| ← | 22nd | 24th | → |

Overview
- Legislative body: Arizona Territorial Legislature
- Jurisdiction: Arizona Territory, United States

Council
- Members: 12
- President: George W. P. Hunt

House of Representatives
- Members: 24
- Speaker: Wilfred T. Webb

= 23rd Arizona Territorial Legislature =

Session of the Arizona Territorial Legislature (1905)

The 23rd Arizona Territorial Legislative Assembly was a session of the Arizona Territorial Legislature which convened in Phoenix, Arizona, United States. The session ran from January 16, 1905, till March 16, 1905.

==Background==
Governor Alexander Oswald Brodie was entering his final days in office as the legislative session began. Brodie resigned as governor on February 14, 1905, to return to his military career.

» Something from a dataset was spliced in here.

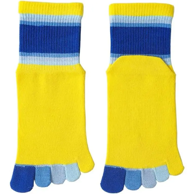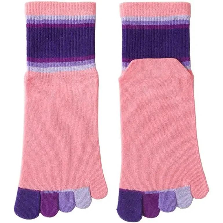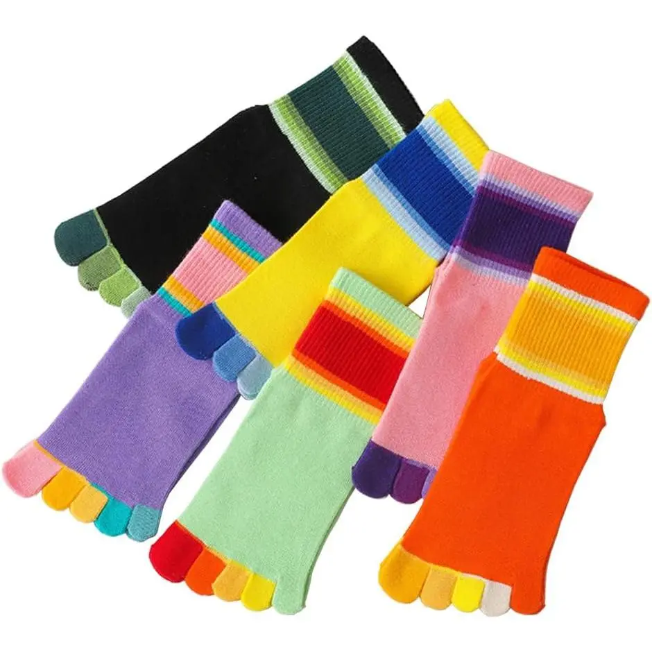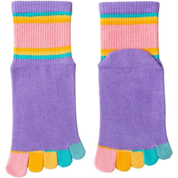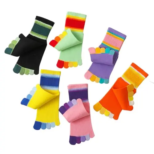 Girls' Seamless Rainbow Stripes Five Finger Toe Socks - 6 Pack Cotton Crew Socks for Kids School, Comfortable Breathable Non-Slip Everyday Wear, Colorful Striped Pattern Children's Socks

His replacement, Joseph Henry Kibbey, was sworn into office on March 7, 1905.

The drive for the territory to achieve statehood continued. A proposal to merge Arizona and New Mexico territories and admit the combined entity as a single state had been made in the United States House of Representatives in 1902. The proposal had been initially defeated in the House but had won support in the United States Senate and a final resolution on the proposal was still to be determined.

==Legislative session==
The legislative session began on January 16, 1905, and ran for 60 days.

===Governor's address===
Governor Brodie gave his address on the session's opening day. He began by describing the territory's financial condition was in the best condition it had ever been. Despite this he still urged tax reforms. The territory's mines had an assessed value of US$4,442,995 and paid US$178,000 in taxes to county and territorial governments. At the same time estimated annual output from the mines was estimated at $38,700,000. The governor wished to have the assessment methodology changed to base values on the gross output of territorial mines.

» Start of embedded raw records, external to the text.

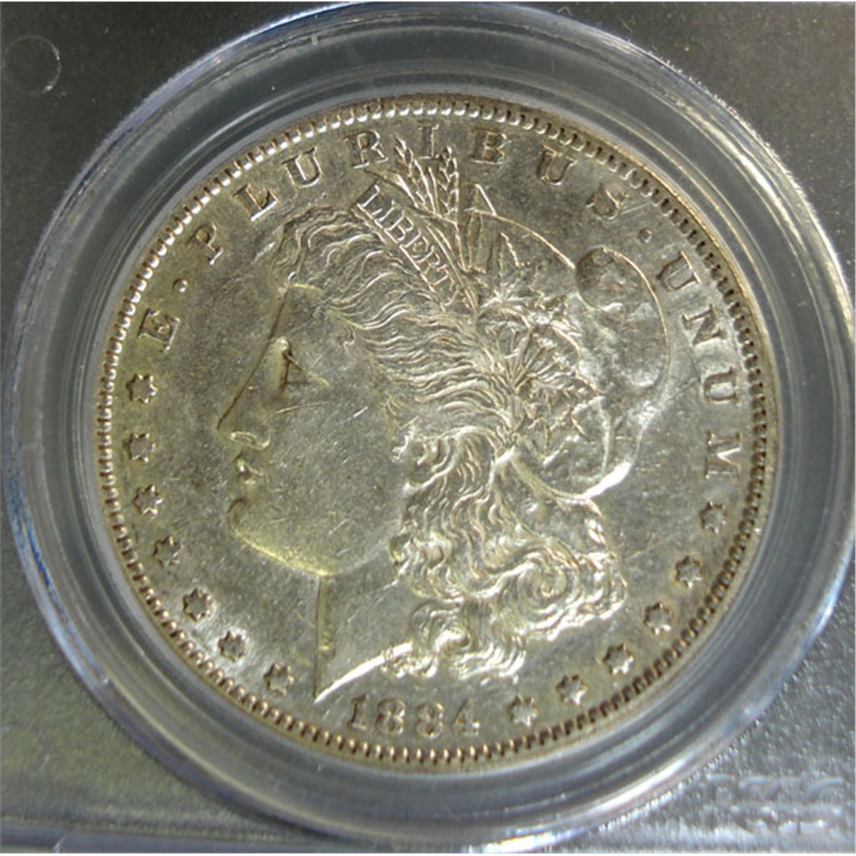 1884-S MORGAN SILVER DOLLAR, PCGS AU50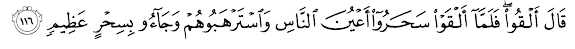 « Ils ensorcelèrent les yeux des gens et les épouvantèrent, et vinrent avec une puissante magie. » [al araf, verset 116]. « Istarhabouhom » signifie : « les effrayèrent et les épouvantèrent ». Allah, Gloire et Pureté à Lui, dit aussi :
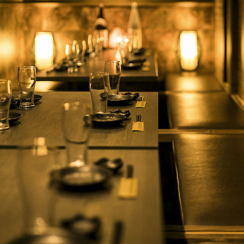 団体様のご利用にも最適です。洗練された空間は、優しく灯る間接照明が印象的な個室席です。個室席のご予約はお早めに!人数に合わせたお席をご提案させていただきます。

Besides discussing tax issues, Governor Brodie cautioned the session about the "growing evil of wife desertion" and asked for legislation to prevent the spread of the problem. He also recommended construction of a sanatorium to treat the many people suffering from tuberculosis immigrating to the territory. As the ill were coming from all parts of the county, the governor favored the "General Government" pay for the construction.

After taking office, Governor Kibbey sent a letter to the session asking for referendum on joint-statehood proposal.

===Legislation===
The session passed only 69 bills. With expectations that Arizona would soon be admitted as a state, the legislature failed to act on many issues. They did however hire an extremely large number of aides. Among the hires were 17 clerks paid to sit in the gallery as an audience and three pages who were charged with placing a cloth blindfold over the eyes of the statue of Liberty on top of the territorial capitol building.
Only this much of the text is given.